Commerzbank analyst Tatha Ghose highlights that the latest Czech inflation data showed a notable downside surprise relative to both market projections and the Czech National Bank’s (CNB) own estimates. Headline consumer price inflation in June slowed to 1.5% year-on-year from 2.1% year-on-year, below the consensus expectation of 1.8% year-on-year and the CNB’s forecast of 2.1% year-on-year. On a month-on-month basis, the overall price level declined by 0.3% on a non-adjusted basis.

IndicatorLatest ReadingPrevious / Reference
Headline CPI (y/y)1.5%2.1%
Market expectation (y/y)1.8%
CNB forecast (y/y)2.1%
Headline CPI (m/m, raw)-0.3%

According to the analysis, the seasonally adjusted and smoothed month-on-month change is now close to zero, as domestic price levels continue to unwind earlier increases linked to the Iran war-related energy shock. Goods prices softened further – by 0.4 percentage points – with particularly weak dynamics in fuel and food components. In contrast, services inflation remained firm at 4.5% year-on-year, staying above target and signaling that core price pressures are still elevated.

CNB Officials Emphasize Core Inflation

The CNB has pushed back against the notion that the latest headline slowdown signals a durable shift in inflation dynamics. Policy maker Jakub Seidler pointed out on X that the drop in headline inflation was largely driven by more volatile sub-components, while underlying core inflation remains near the upper bound of the CNB’s 2% ± 1 percentage point comfort range.

He reiterated that the central bank’s focus is on securing long-term price stability and argued that core inflation has not yet fully converged toward the target range. In his assessment, the most recent inflation release should be treated as transitory rather than a confirmation of a sustained disinflation trend.

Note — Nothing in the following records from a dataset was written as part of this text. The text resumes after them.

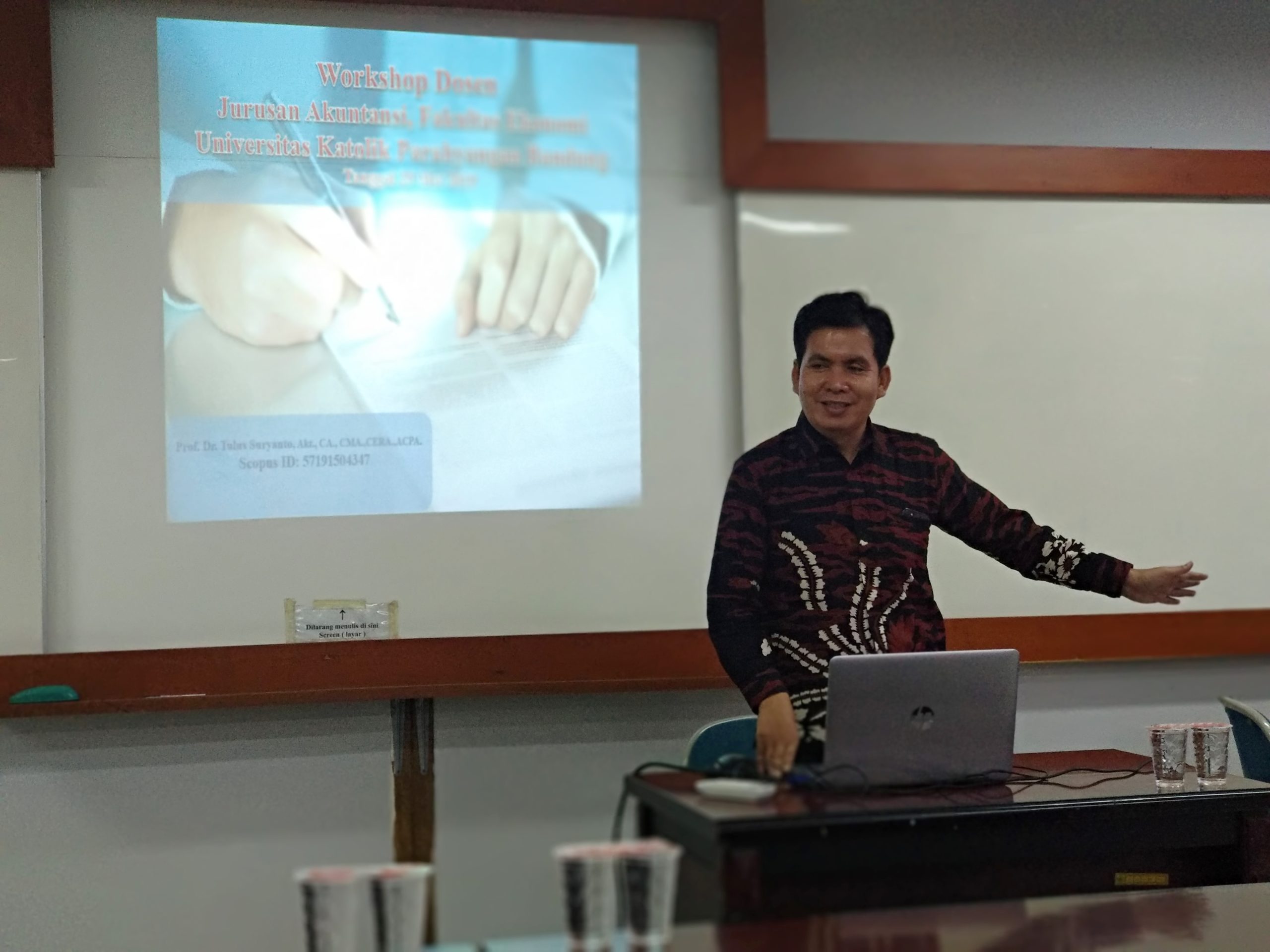 Workshop “Penulisan Artikel pada Jurnal Ilmiah” untuk dosen-dosen Prodi S1 Akuntansi oleh Prof. Dr. Tulus Suryanto pada tanggal 29 Mei 2019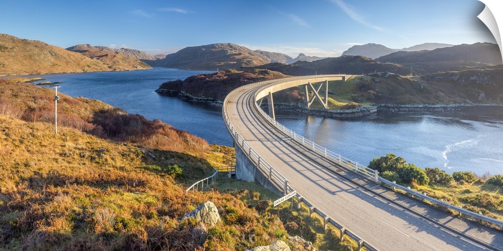 <p>UK, Scotland, Highland, Sutherland, Loch a' Chairn Bhain, Kylesku, Kylesku Bridge, a landmark on the North Coast 500 Tourist Route.</p>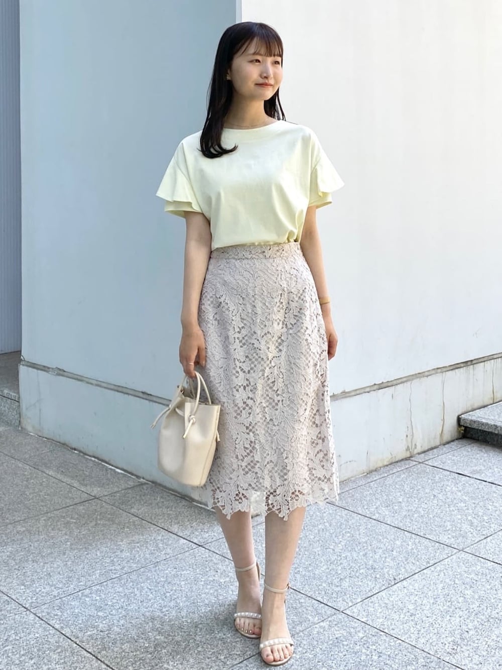 みさか 158cm トップスは袖のダブルフリルデザインがポイント♪ 気になる二の腕周りをカバーしてくれるので、世代を問わず着用いただけます。接触冷感・UVケア・洗濯機OKの夏に嬉しい機能付きです。 着用しているレモンイエロー(031)カラーは、イエベ春の私の肌にぴったり◎ 158cm Mサイズの着用でジャストサイズ。バストラインや二の腕周りなど気になる方はLサイズがおすすめ。 スカートはオフィスコーデ定番のレースデザイン。 シンプルなのでどんなトップスとも相性抜群です! 細身 Mサイズの着用でウエストがゆるめ。華奢な方はSサイズがおすすめ。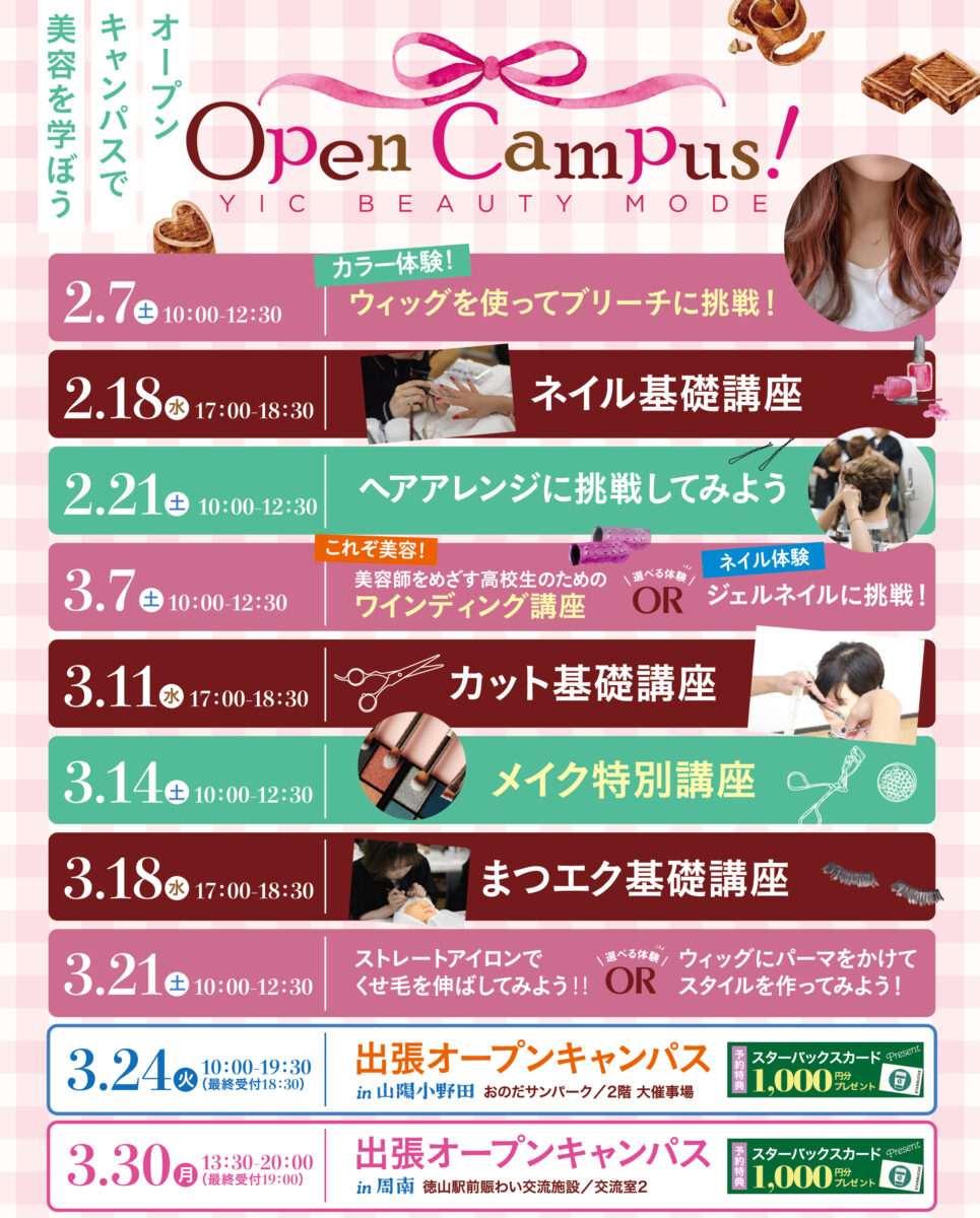 /// 2・3月オーキャンのお知らせです /// 2・3月 オープンキャンパスのご案内です💄✨ 美容に興味のある皆さん、 是非オープンキャンパスにご参加くださいね♡ 皆さんのご参加をお待ちしております🎡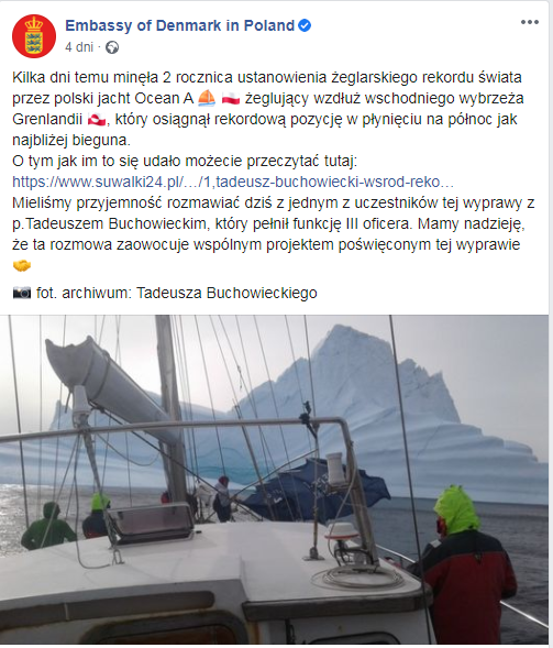 Grenlandia to terytorium Danii, w ubiegłym tygodniu duńska ambasada w Warszawie opublikowała post na swoim profilu FB, w którym zamieściła link do artykułu w naszym portalu, w którym informowaliśmy o rekordzie świata ustanowionym z udziałem suwalskiego przedsiębiorcy.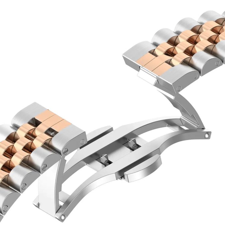 eses Kovový řemínek pro Xiaomi Redmi Watch 4, 5, 6 a Smart Band 8 Pro a 9 Pro - Stříbrný s růžovo zlatým pruhem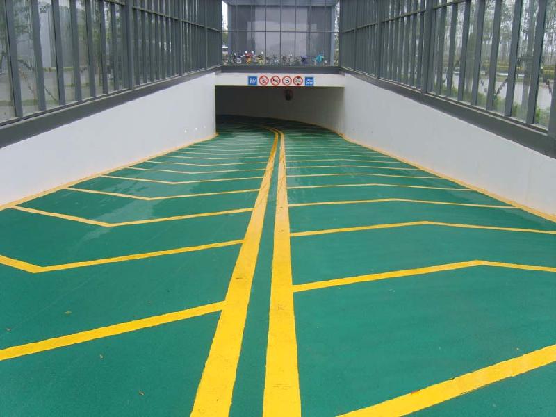 止滑坡道專用環氧樹脂自流平采用雙組份無溶劑環氧樹脂添加優質固化劑,骨料選用高強度耐磨金剛砂施工而成,整體無縫、美觀靚麗、表面采用拋撒20-60目金剛砂達到防滑效果,可根據使用要求不同做到輕度止滑及高度止滑面。施工厚度一般3mm-5mm,使用年限達10年以上。

Policy Outlook and FX Implications

From this perspective, Commerzbank judges that the June inflation surprise does not significantly change the CNB’s monetary policy stance or communication strategy. While the bank’s analysis anticipates that core inflation will slow more convincingly in the coming quarters, this expectation is not seen as the basis for the CNB’s formal policy guidance at this stage.

As a result, markets may continue to consider the possibility of one additional 25 basis point rate increase in 2026. In this context, Commerzbank expects the Czech Koruna (CZK) to show relative strength against the Polish Zloty (PLN) in the months ahead.

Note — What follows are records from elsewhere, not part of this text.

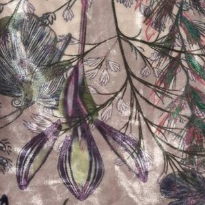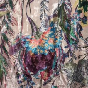 Chic velvet cardigan with a colorful feather pattern. Features a hood and stylish buttons.
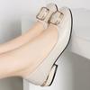 Leather Single Shoes Women's Low Heels Spring and Autumn New Round Head Thick Heel Leather Shoes Shallow Mouth Flat Shoes Women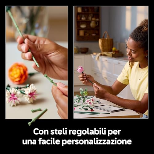 Uno dei maggiori punti di forza di questo set è la possibilità di personalizzazione. Gli steli dei fiori sono regolabili in lunghezza, permettendo di creare composizioni sempre diverse e di adattare il bouquet a qualsiasi tipo di vaso. Questa caratteristica incoraggia la creatività e rende il set un oggetto decorativo dinamico e personale. Inoltre, è possibile combinare i fiori di questo set con quelli di altri bouquet della collezione LEGO Botanicals per creare composizioni ancora più grandi e uniche.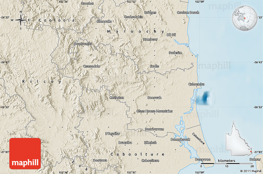 Maphill is a collection of map images. This shaded relief map of Caloundra is one of them. Click on the Detailed button under the image to switch to a more detailed map.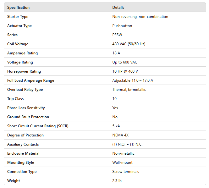 PESW-B18D39AX-R66, Enclosed Starter, 10Hp@460, 480 V Coil with Start-Stop Pushbuttons - Three Phase, 13438804 is backordered and will ship as soon as it is back in stock.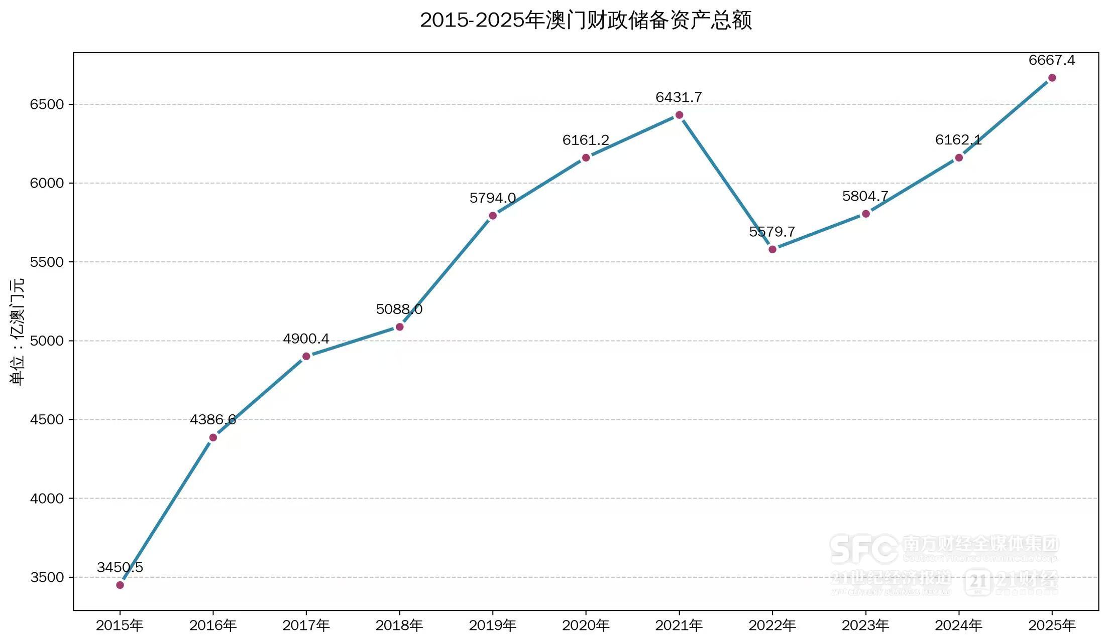 (2015年-2025年澳门财政储备资产总额。张小萌/制表)

“June’s Czech CPI flash release showed headline inflation easing to 1.5%y/y from 2.1%y/y, clearly softer than both market expectations (1.8%y/y) and the Czech National Bank’s (CNB’s) own forecast (2.1%y/y). The price level fell by 0.3%m/m on raw basis.”

“The seasonally‑adjusted and smoothed month‑on‑month rate of change is now near‑zero, as prices continue to reverse from the earlier Iran war energy spike. Goods prices were weaker than before – softer by 0.4pps – with fuel and food prices particularly soft. Service prices remained stubborn, still faster than target at 4.5%y/y, which implies that underlying core dynamics will take time to calm down.”

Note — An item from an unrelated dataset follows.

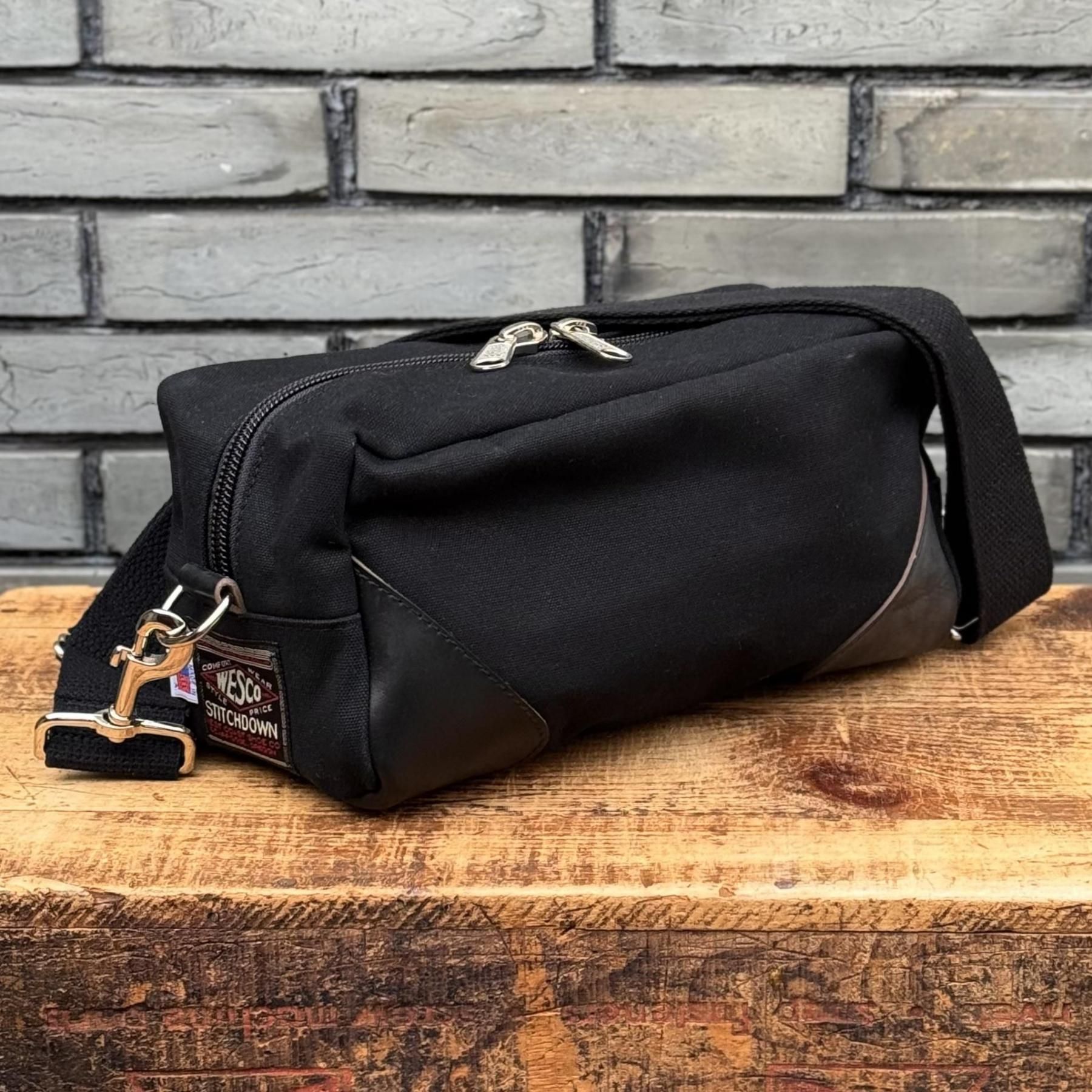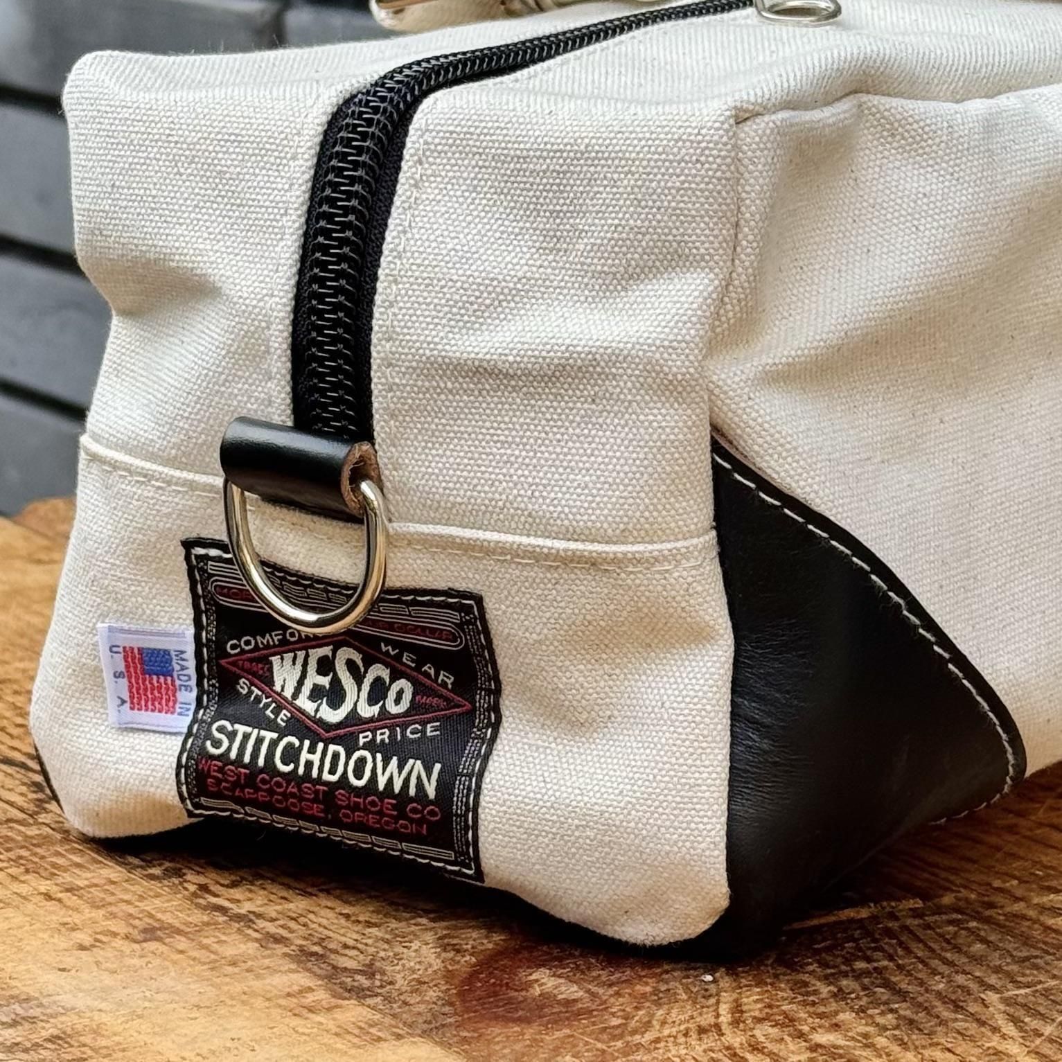 バッグのボディーには、ベッケルのテントにも使用されている20ozのアーミーキャンバスを採用。撥水性と通気性に優れており、普段使いからツーリングまで気軽に愛用いただけます。使用中に負荷がかかる底面の四隅には、WESCOがブーツにも使用している肉厚なホースハイドが取付けられており耐久性も抜群。サイドには、1930年代にWESCOが使用していたラベルを元に製作された特別なレーヨンラベルが縫い付けられているスペシャルバッグが完成しました!

“CNB board member Jakub Seidler stressed in his X post that softer headline inflation was driven by volatile components, while core price growth remains in the upper end of CNB’s 2%±1pp comfort band. He underlined that CNB’s goal is long‑term price stability, and core inflation has not yet converged – in his view, this latest print is transitory.”

“On this reading, the June CPI surprise does not materially alter monetary policy stance or language. We hold that core inflation will decisively decelerate in coming quarters. But, this view will not be the basis for CNB’s official guidance, hence the market view could linger around possible one more 25bp rate hike later in 2026. On this market view, the koruna will likely outperform the zloty in coming months.”